出了正院,花枝到東邊的小院給兩位格格傳話:“福晉說了,除夕當晚,府裡辦一場家宴,屆時貝勒爺也會過來,請兩位格格不要無故缺席。”
富察格格眼睛都亮了起來:“姑娘說得可當真?”
花枝笑了笑:“自然。”
待花枝走後,富察格格沒忍住輕輕歡呼了一下:“快四個月了,貝勒爺總不來我這裡,本以爲今年是見不到了,沒想到福晉居然還念著我們,讓我們和貝勒爺一起過年。”
周格格也十分意外:“自上次後,貝勒爺也不來我這裡了,可能是惱了我。我還以爲再也見不著貝勒爺呢。”
富察格格不解道:“怎會?你是再和順不過的性子了,又沒犯錯,貝勒爺如何會惱你?”
周格格驚覺自己說錯了話,笑了笑,把這段含糊過去了。
富察格格興致勃勃:“你說,咱們要不要準備什麼驚喜?唱個曲兒,跳個舞,你不是還會撫琴嘛,到時候奏上一曲,沒準貝勒爺喜歡,能正眼瞧我們一次呢。”
周格格露出猶豫爲難之色:“你別忘了,咱們上頭還有個福晉吶。福晉讓我們去吃家宴,我們卻在家宴上使勁兒討貝勒爺喜歡,福晉會放過我們嗎?”

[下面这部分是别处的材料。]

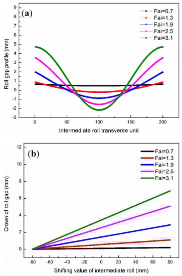 As indicated in Figure 12, with the increase of Fai, the roll gap profile transformed from quadratic shape to quartic shape, which indicated that Fai had a significant effect on controlling the quadric strip flatness. The adjustment range of roll gap crown by intermediate roll shifting increased from 0.671 mm to 1.979 mm with Fai risen from 0.7 to 3.1.

周格格這麼一說,富察格格也退縮了。可是過了會兒,她又不甘道:“若是宴會上得了貝勒爺青眼,福晉不高興,又能拿我怎麼樣?”
周格格搖頭:“要做你做吧,我可不敢。”
富察格格鄙視地看了她一眼:“你個膽小鬼。”
富察格格是會跳舞的。她待字閨中時,穿著裙子能一口氣轉三十個圈還穩穩當當,還算有兩把刷子。富察格格差人去製衣處訂做了一件嶄新的裙子,每天在屋裡練習。
這件事自然瞞不過正院。聽了花枝的稟告,瓊蕓道:“隨她去,正好藉著這件事,我也想瞧瞧,貝勒爺是什麼反應。”
除夕當晚,貝勒府屋檐下到處掛著紅色燈籠,柱子上貼著對聯,正院裡的前廳八扇門全部打開,廳裡頭燒著上好的炭,正中央支著個大圓桌子,大圓桌子上首正對著的就是開著的四扇正門。從這個角度看過去,外頭的夜景一覽無遺。許多太監、丫頭、婆子們端著東西從旁門進,然後又匆匆端著東西離開,好不熱鬧。
平貝勒從書房沿著直道過來,一眼便看到了坐在圓桌子上頭的福晉。
見了平貝勒過來,瓊蕓連忙起身迎出去:“來得正好,快開席了,現在上的都是些涼菜,都嚐嚐,還不錯。”
瓊蕓帶著平貝勒在圓桌子上首坐下,自己則坐在他旁邊。瓊蕓隨手抓了把瓜子兒塞到平貝勒手裡:“給。”
平貝勒看著手裡的瓜子,又瞧瞧桌子前頭堆起來的瓜子殼:“你居然還磕瓜子兒?”
瓊蕓笑了笑:“大過年的,大家好不容易聚一聚,就別那麼講究了。”她偏頭對站在旁邊的花枝說道:“傳令下去,開席。”
大廚房離這邊是很近的。剛出鍋的菜裝在食盒裡,外頭用厚布裹了,奴才們提著小跑著送來,端到桌上時,還是熱氣騰騰的。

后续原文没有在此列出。